TASK MATERIAL Start Marker
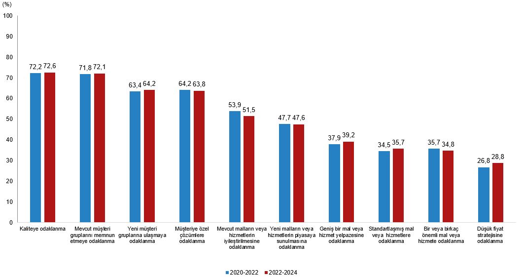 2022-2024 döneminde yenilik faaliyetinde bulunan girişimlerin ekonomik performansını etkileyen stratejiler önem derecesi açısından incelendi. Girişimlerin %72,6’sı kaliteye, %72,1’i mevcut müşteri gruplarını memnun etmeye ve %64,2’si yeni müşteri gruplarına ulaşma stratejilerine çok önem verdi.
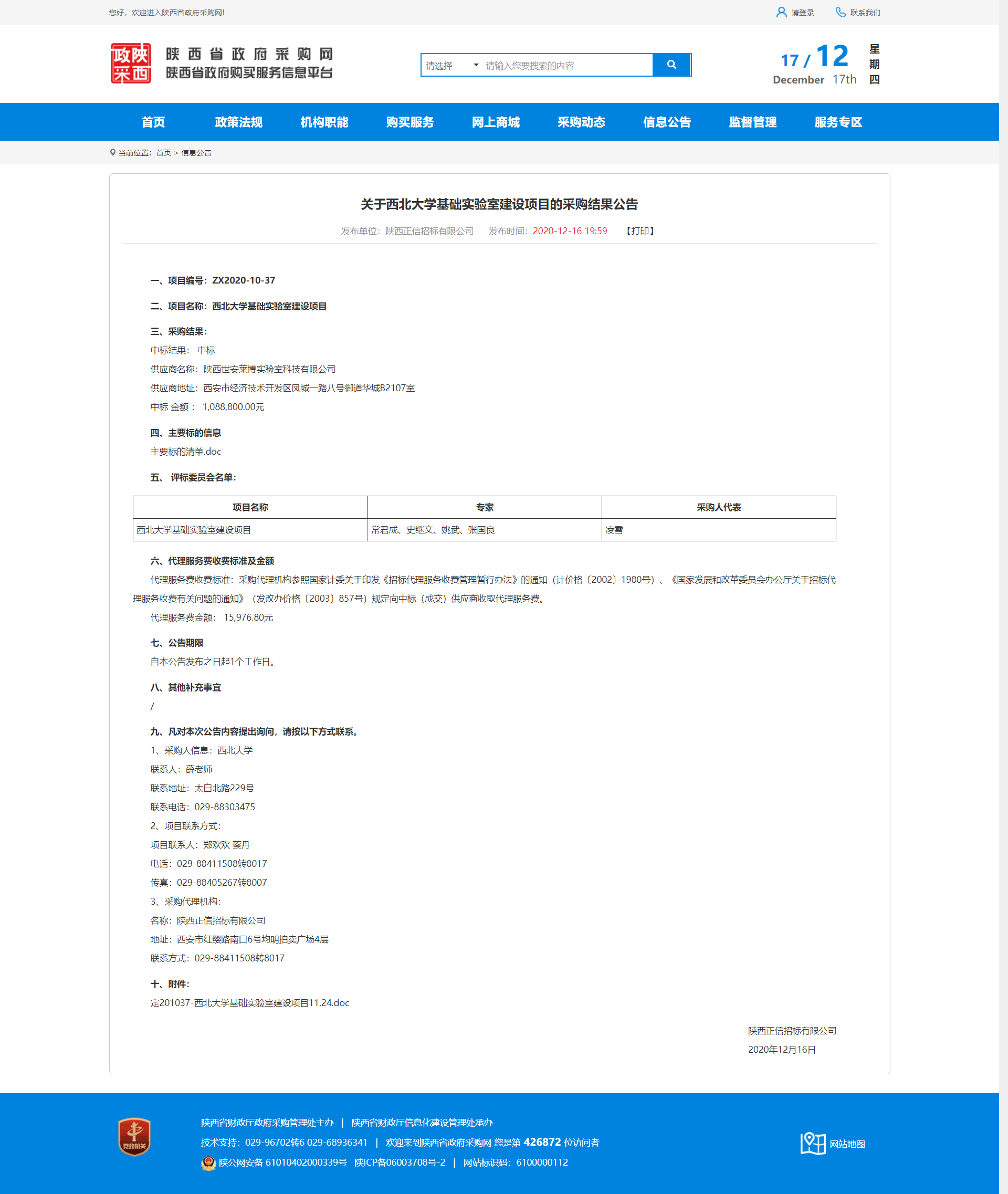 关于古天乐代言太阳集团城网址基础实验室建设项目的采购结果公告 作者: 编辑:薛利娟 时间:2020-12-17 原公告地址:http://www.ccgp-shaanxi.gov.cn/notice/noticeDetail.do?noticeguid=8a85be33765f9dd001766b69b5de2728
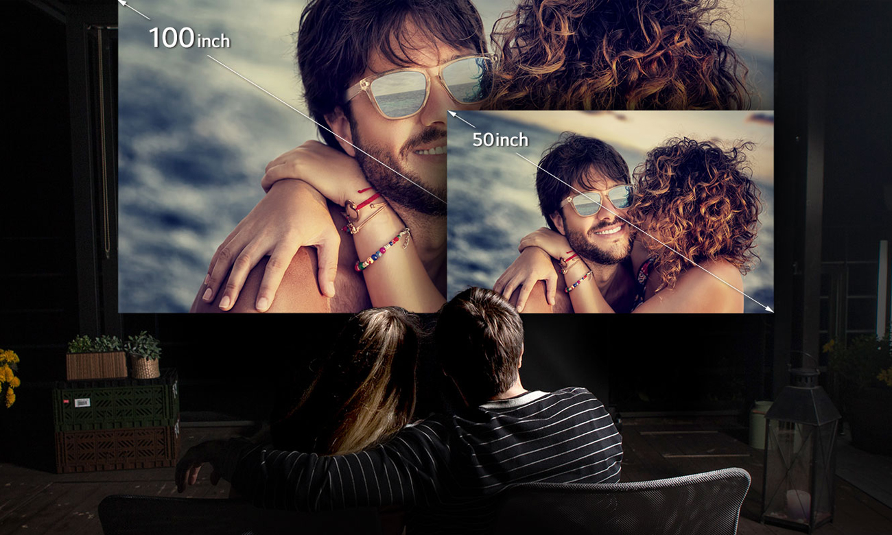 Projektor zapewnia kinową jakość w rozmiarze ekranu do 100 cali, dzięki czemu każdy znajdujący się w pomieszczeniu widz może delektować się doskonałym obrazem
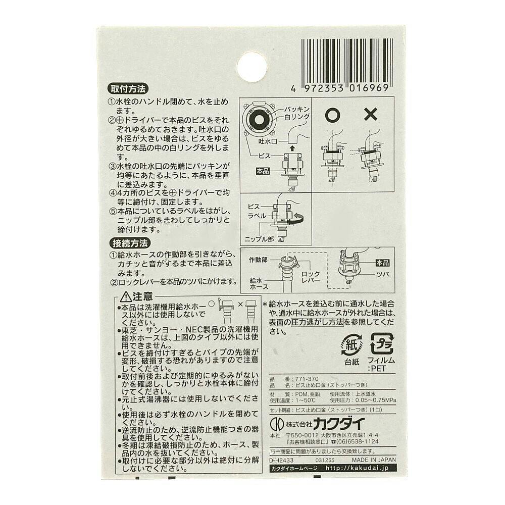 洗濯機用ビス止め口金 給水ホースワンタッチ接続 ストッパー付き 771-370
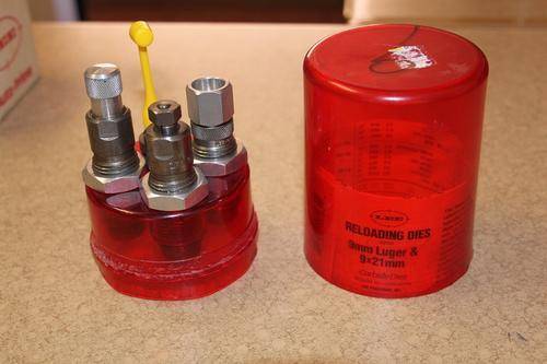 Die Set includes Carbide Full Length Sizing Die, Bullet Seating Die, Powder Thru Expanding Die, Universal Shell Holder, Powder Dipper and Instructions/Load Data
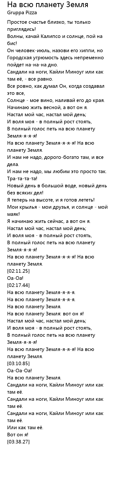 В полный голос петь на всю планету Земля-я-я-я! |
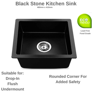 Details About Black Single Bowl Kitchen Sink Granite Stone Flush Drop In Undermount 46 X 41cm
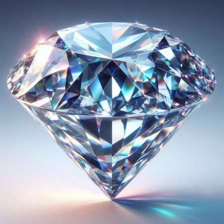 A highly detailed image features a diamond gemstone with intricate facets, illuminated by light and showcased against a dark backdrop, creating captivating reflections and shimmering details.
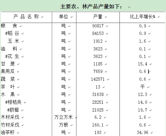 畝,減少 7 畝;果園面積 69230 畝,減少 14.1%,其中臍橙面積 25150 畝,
TASK MATERIAL End Marker
TASK MATERIAL Start Marker
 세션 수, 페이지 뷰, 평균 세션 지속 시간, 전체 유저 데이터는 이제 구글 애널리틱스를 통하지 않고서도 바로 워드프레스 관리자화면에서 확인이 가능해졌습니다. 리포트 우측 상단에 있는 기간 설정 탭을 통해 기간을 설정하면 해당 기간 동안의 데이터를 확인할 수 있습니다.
TASK MATERIAL End Marker
TASK MATERIAL Start Marker
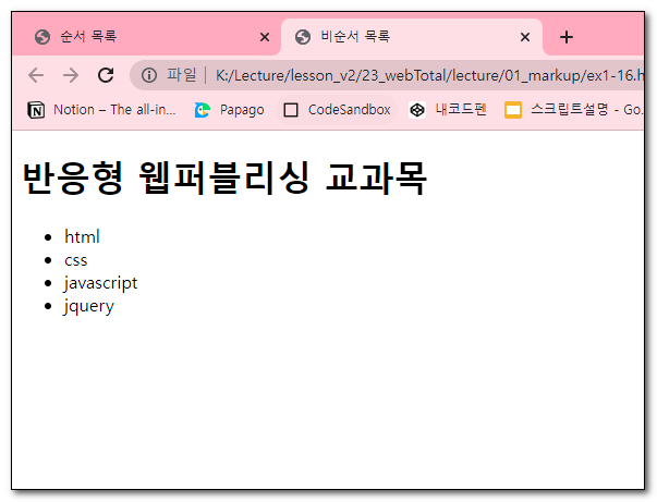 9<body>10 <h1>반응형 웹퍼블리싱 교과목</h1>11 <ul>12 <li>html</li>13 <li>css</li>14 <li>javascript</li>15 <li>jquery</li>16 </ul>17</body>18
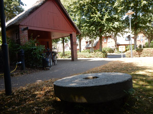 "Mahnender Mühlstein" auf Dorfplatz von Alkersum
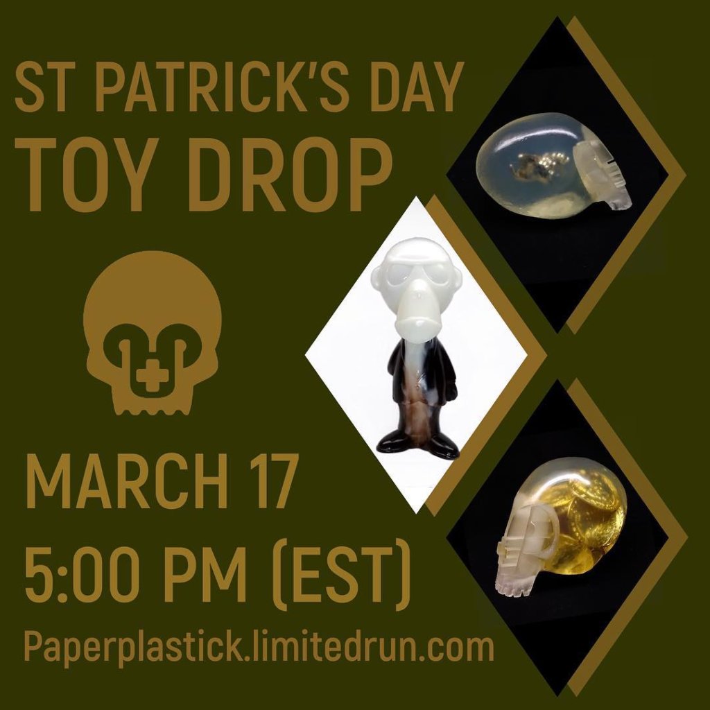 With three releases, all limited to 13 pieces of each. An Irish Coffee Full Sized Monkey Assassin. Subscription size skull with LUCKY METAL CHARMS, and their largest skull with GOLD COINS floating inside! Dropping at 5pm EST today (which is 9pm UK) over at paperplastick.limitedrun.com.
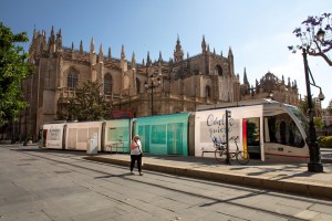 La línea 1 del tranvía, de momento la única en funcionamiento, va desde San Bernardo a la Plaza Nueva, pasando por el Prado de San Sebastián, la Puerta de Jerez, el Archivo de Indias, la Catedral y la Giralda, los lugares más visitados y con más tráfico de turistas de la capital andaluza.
TASK MATERIAL End Marker
Taking the records above, print only and exactly the lines from the line with "2022-2024 döneminde yenilik" to the line with "A highly detailed", both kept, and exclude pictures.

= SOLUTION TO THIS TASK =
 2022-2024 döneminde yenilik faaliyetinde bulunan girişimlerin ekonomik performansını etkileyen stratejiler önem derecesi açısından incelendi. Girişimlerin %72,6’sı kaliteye, %72,1’i mevcut müşteri gruplarını memnun etmeye ve %64,2’si yeni müşteri gruplarına ulaşma stratejilerine çok önem verdi.
 关于古天乐代言太阳集团城网址基础实验室建设项目的采购结果公告 作者: 编辑:薛利娟 时间:2020-12-17 原公告地址:http://www.ccgp-shaanxi.gov.cn/notice/noticeDetail.do?noticeguid=8a85be33765f9dd001766b69b5de2728
 Projektor zapewnia kinową jakość w rozmiarze ekranu do 100 cali, dzięki czemu każdy znajdujący się w pomieszczeniu widz może delektować się doskonałym obrazem
 洗濯機用ビス止め口金 給水ホースワンタッチ接続 ストッパー付き 771-370
 Die Set includes Carbide Full Length Sizing Die, Bullet Seating Die, Powder Thru Expanding Die, Universal Shell Holder, Powder Dipper and Instructions/Load Data
 В полный голос петь на всю планету Земля-я-я-я! |
 Details About Black Single Bowl Kitchen Sink Granite Stone Flush Drop In Undermount 46 X 41cm
 A highly detailed image features a diamond gemstone with intricate facets, illuminated by light and showcased against a dark backdrop, creating captivating reflections and shimmering details.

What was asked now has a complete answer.